Jones came back to the village and kept himself to himself. When the lights were first seen on at his house there were those who felt he should be acknowledged. I’ll fucking acknowledge him, Tony said. There was no question of him working at the school again. Once his time on remand had been taken into account he’d only served six months. There were conditions attached to his release but he was allowed to live at home. Those who saw him said he looked gaunt. His offences were said to be at the milder end of the spectrum but in the village they wouldn’t be brushed off. Spectrum my arse, Tony said, more than once. Martin said that it wasn’t kiddy stuff but teenage girls, and even with some thirteen-year-olds it was hard to tell. There was a silence when he spoke and no one agreed. Tony told him a thirteen-year-old was still a child, and Martin immediately backed off. I didn’t mean it like that, he said. The bloody hell is wrong with you? Tony asked.

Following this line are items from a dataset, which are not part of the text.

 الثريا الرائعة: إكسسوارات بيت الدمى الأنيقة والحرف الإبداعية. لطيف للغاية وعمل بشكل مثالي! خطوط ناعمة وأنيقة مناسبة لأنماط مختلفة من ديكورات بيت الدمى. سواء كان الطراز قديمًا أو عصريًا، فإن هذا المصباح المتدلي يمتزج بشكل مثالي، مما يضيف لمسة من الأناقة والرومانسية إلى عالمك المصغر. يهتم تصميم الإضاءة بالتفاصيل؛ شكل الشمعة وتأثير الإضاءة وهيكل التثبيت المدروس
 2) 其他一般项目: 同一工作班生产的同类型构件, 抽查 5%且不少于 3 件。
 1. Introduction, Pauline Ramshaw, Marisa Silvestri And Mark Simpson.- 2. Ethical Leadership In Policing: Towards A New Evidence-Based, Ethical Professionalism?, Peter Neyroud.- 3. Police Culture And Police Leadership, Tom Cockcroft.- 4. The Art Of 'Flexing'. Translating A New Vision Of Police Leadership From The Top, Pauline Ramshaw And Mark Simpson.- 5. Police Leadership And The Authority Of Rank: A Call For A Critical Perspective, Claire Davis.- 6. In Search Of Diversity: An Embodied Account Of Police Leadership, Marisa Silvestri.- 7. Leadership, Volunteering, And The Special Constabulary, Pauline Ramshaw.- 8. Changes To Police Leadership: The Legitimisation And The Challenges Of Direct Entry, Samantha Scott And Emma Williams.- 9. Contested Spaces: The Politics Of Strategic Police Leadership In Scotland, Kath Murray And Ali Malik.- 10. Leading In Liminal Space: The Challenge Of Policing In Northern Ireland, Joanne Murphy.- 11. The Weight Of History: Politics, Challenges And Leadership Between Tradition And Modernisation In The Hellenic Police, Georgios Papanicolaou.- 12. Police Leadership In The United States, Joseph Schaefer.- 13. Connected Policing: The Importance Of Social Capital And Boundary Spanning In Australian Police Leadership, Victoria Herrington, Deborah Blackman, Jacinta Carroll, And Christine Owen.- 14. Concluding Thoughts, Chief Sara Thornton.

There were sale posters in Susanna’s shop window all through December. It was understood to be a closing-down sale, although nobody called it that. She hung fairy lights and paper chains and held a Christmas event. There was mulled wine and mince pies and people sang carols together. The place was packed, although it was noticed that Ashleigh wasn’t there. She was having a difficult patch. In the morning there was a new padlock on the door. At the river the keeper repaired a section of path where the flooding had taken out a foot of bank and left the gravel to slide into the water. He’d been shovelling gravel all morning and was glad of the breeze. Richard Clark didn’t make it home for Christmas and neither did his sisters. They took it in turns to call their mother’s mobile on Christmas morning, and if she stood just outside the back door she could more or less hear what they said. The girls sounded hassled, coming up for air from their hectic preparations. Richard was subdued, speaking from a room that sounded full of carpets and drapes. There was someone in the bed with him, she could tell. She’d always been able to tell, and it tickled her that he was innocent enough not to realise. A rustle of sheets, an impatience in his voice. When the phone calls were done the house and the garden were awfully quiet. Later two of Jackson’s boys came and drove her to Winnie’s for lunch. They took an arm each as they helped her to the car, and she wasn’t sure her feet touched the ground at all.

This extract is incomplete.